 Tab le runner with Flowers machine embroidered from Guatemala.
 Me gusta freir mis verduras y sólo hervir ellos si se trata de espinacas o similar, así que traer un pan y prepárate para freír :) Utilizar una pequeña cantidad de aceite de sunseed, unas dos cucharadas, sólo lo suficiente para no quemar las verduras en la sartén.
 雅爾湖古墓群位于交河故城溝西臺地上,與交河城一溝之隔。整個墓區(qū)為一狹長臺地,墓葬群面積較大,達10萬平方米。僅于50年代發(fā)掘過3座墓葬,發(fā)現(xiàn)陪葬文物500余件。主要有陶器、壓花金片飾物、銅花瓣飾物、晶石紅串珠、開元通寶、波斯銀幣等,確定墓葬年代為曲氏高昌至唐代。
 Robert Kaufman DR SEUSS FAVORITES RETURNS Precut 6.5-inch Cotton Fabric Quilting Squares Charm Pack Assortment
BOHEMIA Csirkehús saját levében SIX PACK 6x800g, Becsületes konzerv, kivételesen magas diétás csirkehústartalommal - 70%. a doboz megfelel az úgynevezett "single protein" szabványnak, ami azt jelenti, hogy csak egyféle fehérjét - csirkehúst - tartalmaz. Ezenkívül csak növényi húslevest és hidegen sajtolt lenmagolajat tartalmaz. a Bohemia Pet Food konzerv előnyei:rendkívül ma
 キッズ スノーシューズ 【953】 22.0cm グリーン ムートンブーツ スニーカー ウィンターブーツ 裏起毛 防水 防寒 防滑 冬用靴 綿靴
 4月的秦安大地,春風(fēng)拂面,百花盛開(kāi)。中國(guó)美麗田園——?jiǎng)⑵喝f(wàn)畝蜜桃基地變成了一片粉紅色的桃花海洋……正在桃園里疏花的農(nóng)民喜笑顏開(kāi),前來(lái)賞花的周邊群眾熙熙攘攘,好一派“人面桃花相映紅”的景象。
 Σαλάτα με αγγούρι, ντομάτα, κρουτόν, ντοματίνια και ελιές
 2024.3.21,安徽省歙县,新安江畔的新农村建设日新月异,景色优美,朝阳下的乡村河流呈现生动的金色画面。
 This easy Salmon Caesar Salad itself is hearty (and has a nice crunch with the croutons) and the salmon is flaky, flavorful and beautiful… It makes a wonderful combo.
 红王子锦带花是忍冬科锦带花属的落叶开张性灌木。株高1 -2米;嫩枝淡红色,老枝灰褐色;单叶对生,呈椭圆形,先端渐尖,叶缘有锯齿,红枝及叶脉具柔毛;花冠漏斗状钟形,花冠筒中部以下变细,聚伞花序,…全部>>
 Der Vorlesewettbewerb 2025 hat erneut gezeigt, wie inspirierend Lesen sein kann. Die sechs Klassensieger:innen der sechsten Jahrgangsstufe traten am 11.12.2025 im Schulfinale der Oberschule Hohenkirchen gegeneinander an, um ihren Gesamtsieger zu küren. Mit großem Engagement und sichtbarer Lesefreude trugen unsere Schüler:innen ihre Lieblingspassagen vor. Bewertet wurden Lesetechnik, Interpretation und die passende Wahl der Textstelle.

______

Activity. Retrieve all lines from the data that contain the string "with".

Solution for this exercise.
 Tab le runner with Flowers machine embroidered from Guatemala.
 This easy Salmon Caesar Salad itself is hearty (and has a nice crunch with the croutons) and the salmon is flaky, flavorful and beautiful… It makes a wonderful combo.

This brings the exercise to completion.